Atomic iron and titanium in the atmosphere of the exoplanet KELT-9b
H. Jens Hoeijmakers, David Ehrenreich, Kevin Heng, Daniel Kitzmann,, Simon L. Grimm, Romain Allart, Russell Deitrick, Aurelien Wyttenbach, Maria, Oreshenko, Lorenzo Pino, Paul B. Rimmer, Emilio Molinari, Luca Di Fabrizio

TL;DR
This paper reports the first direct detection of atomic iron and titanium ions in the atmosphere of the ultra-hot exoplanet KELT-9b, providing insights into its atmospheric composition and chemistry.
Contribution
It presents the first direct detection of atomic Fe, Fe+, and Ti+ in an exoplanet atmosphere using high-resolution spectroscopy during transit.
Findings
Detected atomic Fe and Fe+ in KELT-9b's atmosphere
Detected Ti+ in KELT-9b's atmosphere
Confirmed high-temperature, cloud-free atmospheric chemistry
Abstract
The chemical composition of an exoplanet is a key ingredient in constraining its formation history. Iron is the most abundant transition metal, but has never been directly detected in an exoplanet due to its highly refractory nature.
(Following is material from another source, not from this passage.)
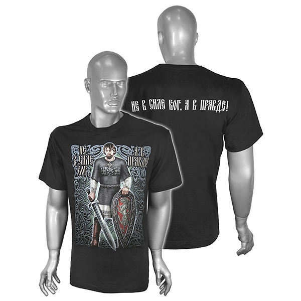 Главная-01 ОДЕЖДА-Футболка с рис краской Не в силе Бог, а в правде (воин с мечом) черная (может отсутствовать надпись на спине)

KELT-9b (HD 195689b) is the archetype of the class of ultra-hot Jupiters that straddle the transition between stars and gas-giant exoplanets and serve as distinctive laboratories for studying atmospheric chemistry, because of its high equilibrium temperature of 4050 +/- 180 K. These properties imply that its atmosphere is a tightly constrained chemical system that is expected to be nearly in chemical equilibrium and cloud-free. It was previously predicted that the spectral lines of iron will be detectable in the visible range of wavelengths. At these high temperatures, iron and several other transition metals are not sequestered in molecules or cloud…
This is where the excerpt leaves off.